See also Angwin’s work for the Wall Street Journal, aided by Weinberg, who has given grants for reporters to hire programming assistance. “We found a lot of ‘tailoring’ happening in Incognito searches, around topics including gun control, abortion, climate change. There were ‘magic keywords’ that would add additional news articles Google said you ‘previously searched for.’

“It turned out ‘Obama’ was a magic keyword and ‘Romney’ wasn’t. There were millions of extra Obama ideas and items. It was the reverse of what happened in the Trump/Clinton election,” when Trump videos got a lot more attention than Clinton videos because they were bolder and drew in more viewers, ensuring more Trump videos got served to viewers. “Unintentional? But effective.”

Angwin also showed how “Amazon was promoting their own products over others even though the price is not lower.”  See also her ProPublica series on “machine bias”. Angwin’s reporting, Weinberg says, “has kicked off more of this in other organizations.” Similar methods can be/have been used to show, for example, what looks like racial bias in insurance policies quoted online. “There is also this idea of charging people different prices based on their data or location.” What bases do auto insurers, travel sites, banks and retailers use for quoting some readers higher prices, some lower? Is it something as crude as a zip code, as tenuous as a shopping-site visitation history?
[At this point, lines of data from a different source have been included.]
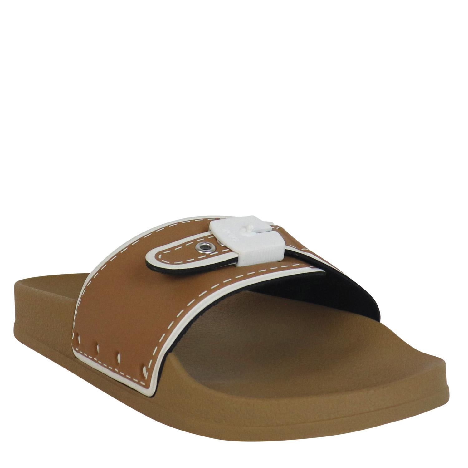 Scholl γυναικείο slide, σε μπεζ χρώμα, κατασκευασμένο από οικολογικό δέρμα. ύψος σόλας 2,5εκ.
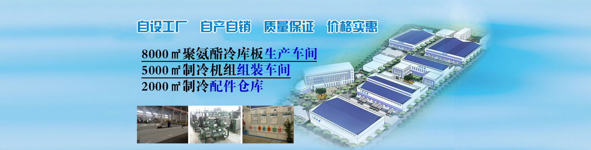 自設(shè)8000平方聚氨酯生產(chǎn)車(chē)間、5000平方制冷機(jī)組組裝車(chē)間真正做到自產(chǎn)自銷(xiāo)、讓利客戶(hù)。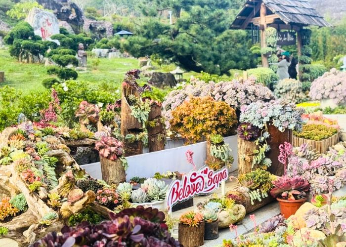 Tại khu du lịch Sun World Fansipan Legend, du khách sẽ được chiêm ngưỡng Vườn An Nhiên – không gian trưng bày hàng nghìn cây sen đá được sắp đặt thành nhiều tiểu cảnh sinh động. Mỗi khu vườn mang một câu chuyện riêng, tái hiện hành trình tìm về sự tĩnh tại và cân bằng giữa thiên nhiên núi rừng Tây Bắc.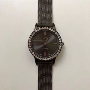 Charming Charlie Grey Metal watch, stainless steel back, fake diamond front. Great condition, worn few times. Needs new battery. Originally $30. Offers welcome!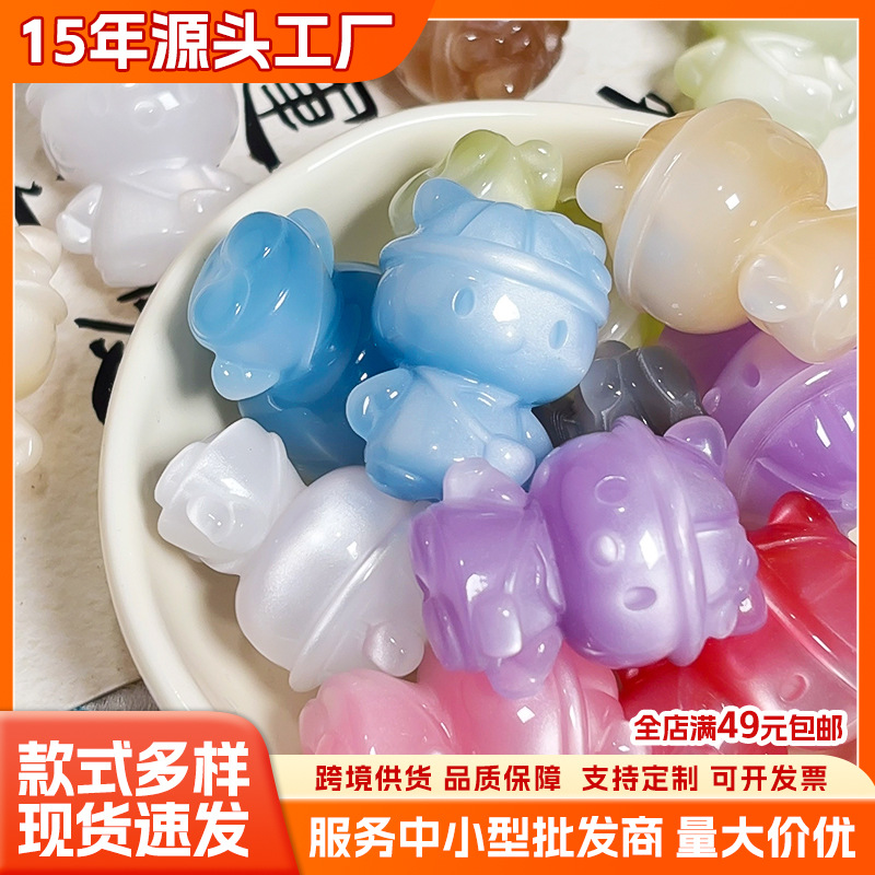 Douyin 人気の細かく彫られたキャッツアイストーンハローキティルースビーズ手作り diy 携帯電話チェーン車吊りビーズジュエリー材料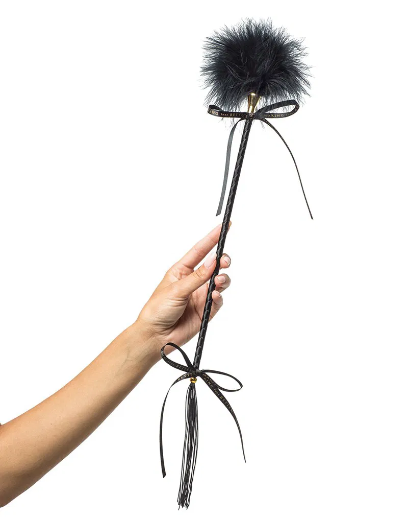 VEER TICKLER MET WHIP-toverstok met sensuele verenkietelaar aan het ene uiteinde en sexy kwastzweep aan het andere uiteinde

It’s the Filter Bubble, as leftish Web-watcher Eli Pariser called the phenomenon in his 2011 book. “It’s not balanced,” says Weinberg. “You can apply this to Netflix, Twitter, YouTube, Facebook, in terms of the individualized filter bubble and what they are generally promoting. Examine search results. Compare users in different locations and circumstances. Ask: Do the search results fall, not fairly, across political and racial lines?”

It takes work, but it’s not complex, Weinberg adds. “These are repeatable studies. The tech side of this is not too complicated. When you read one, check the published methodologies. They make an ‘automated crawl.’ An undergraduate intern could run the numbers, any programmer. Maybe they will pretend they are consumers filling out an online application form, and get the quotes.”

I noted how professional news organizations typically prevent reporters from lying about their identities. But what’s wrong with testing different potential residences or incomes? he asked.

“Someone can always get the data. The more difficult part is analyzing the data and making sure you are not making a spurious conclusion. Once you know what you are looking for, it’s not that difficult. There are a lot of tools available. It’s interesting, it’s important, to repeat studies; it’s like science, it can apply in a lot of areas.” What works in analyzing Amazon will work with your local retailer, too. And with big financial companies — Allstate and  Nationwide, Fidelity and BlackRock, Fanatics vs. Dick’s.

Weinberg is looking to sponsor more professional reporting, including Philly-centric work. “I’m interested in anyone calling these things to task. I’m interested in this area, I live here. I’m interested in any reporting around deep analysis of what tech companies are doing. Related to what we are doing [at DuckDuckGo] or not. I think it’s pernicious for everyone.”